Moreover, .NET Core 2.x and .NET Framework 4.x have additional restrictions: type T should be of a primitive type. Just take a look at this code. The constrained is caused by private method IsTypeComparableAsBytes. It checks whether the type T is primitive type. Since 3.0, this limitation is fixed. But, it still uses unaligned memory access, because there is no guarantee that the pointer stored in Span<T> is aligned. The unaligned memory access is bad and here you can find the answer why.

In this article, I'll show you how avoid all of these limitations and achieve the best possible performance, when comparing objects of value type and arrays with elements of value types. It is a good demonstration of low-level capabilities of C# and .NET comparable to C++ features, to work with memory directly through pointers.

Value Types

Before working with arrays, it is necessary to find a way to check equality of two arbitrary value type events, if the type doesn't implement IEquatable interface. To do that, we need to understand the nature of value type. The object of such type represents continuous memory block, regardless of its location - boxed, field, or local variable. From the machines perspective, there is no difference between fields of reference type or value type, inside of struct. Therefore, two blocks of memory can be compared in bitwise manner. Obviously, if all bits in two blocks of memory are equal, then two values are equal as well. Field of reference type is represented as GC trackable pointer, which has native size depending on the underlying platform. Therefore, it is possible to reinterpret a reference, to an object, as native-sized int, e.g. IntPtr. No need to pin it in the managed heap, because no modifications expected. However, false positives are possible, because the pointer can be modified by GC.

It remains to overcome the last limitation: the object of value type should not be moved, by GC during the collection phase. This effect can be achieved by the following ways:

Use pinned reference
Place value on the stack. Stack memory is not touched by GC

I decided to use the second approach for its simplicity. Now, we can define a shape of equality comparison method,

public static bool Equals<T, G>(T first, G second) where T : struct where G : struct

It should take into account trivial situations when T is a primitive type. In those cases, the method can use ceq IL instruction to perform a fast equality check. If size of T is more than IntPtr.Size(native-sized int), then a more intelligent comparison should be performed.

Arbitrary access to the raw memory of value type, in C#, can be done in two ways,

Unsafe class
IL inline assembly with InlineIL.Fody

In the original implementation, I use second approach. For the article, I prefer the first way, because I don't want to blow your mind! Now, we have all of the necessary tools for the implementation of Equals method.

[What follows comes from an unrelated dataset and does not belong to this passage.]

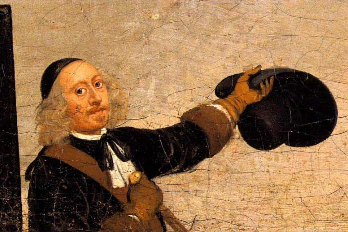 Detail from painting by Wolfgang Heimbach depicting the celebrations when Frederick III of Denmark is instituted as the first Danish absolute King. The detail shows the painter waving his hat

public static bool Equals<T, G>(T first, G second)
where T : struct
where G : struct
=> Equals(ref first, ref second);
private unsafe static bool Equals<G>(ref T first, ref G second)
{
var size = Unsafe.SizeOf<T>();
if (size != Unsafe.SizeOf<G>())
return false;
switch(size)
{
default:
return EqualsAligned((IntPtr)Unsafe.AsPointer(ref first), (IntPtr)Unsafe.AsPointer(ref second), size);
case sizeof(byte):
return Unsafe.As<T, byte>(ref first) == Unsafe.As<G, byte>(ref second);
case sizeof(short):
return Unsafe.As<T, short>(ref first) == Unsafe.As<G, short>(ref second);
case sizeof(int):
return Unsafe.As<T, int>(ref first) == Unsafe.As<G, int>(ref second);
case sizeof(long):
return Unsafe.As<T, int>(ref first) == Unsafe.As<G, int>(ref second);
}
}

Let's sort it all out,

Line#4
Public method accepts comparison operands on the stack. Now, there is no need to worry about GC and the managed pointer (type T&, or ref T) can be obtained safely without pinning
Line #9
Type T and G should have identical size to perform further operations. If their size is not equal, then just return false.
Line #11
Process cases when size of value type is equal to the size of primitive types. In this case, the equality check can be performed using comparison operator, which is translated into ceq instruction. Unsafe.As method allows to reinterpret type of managed pointer
Line #14
The size of value type is larger than native sized int, call EqualsAligned method that performs optimized comparison of two blocks of memory

Unsafe.SizeOf method is just an alias to sizeof IL. Instruction always produces a constant value, so JIT compiler can replace the expression with it. After that, dead code elimination comes to play. Different branches of switch statement can be dropped by JIT compiler, because they are never reachable for particular types T and G. If these types have the size less than or equal to sizeof(long), then the body of the method will be replaced by ceq instruction and the entire method can be inlined. This approach gives us the same performance as standard equality operator ==. If value types have greater size, then only default branch is used.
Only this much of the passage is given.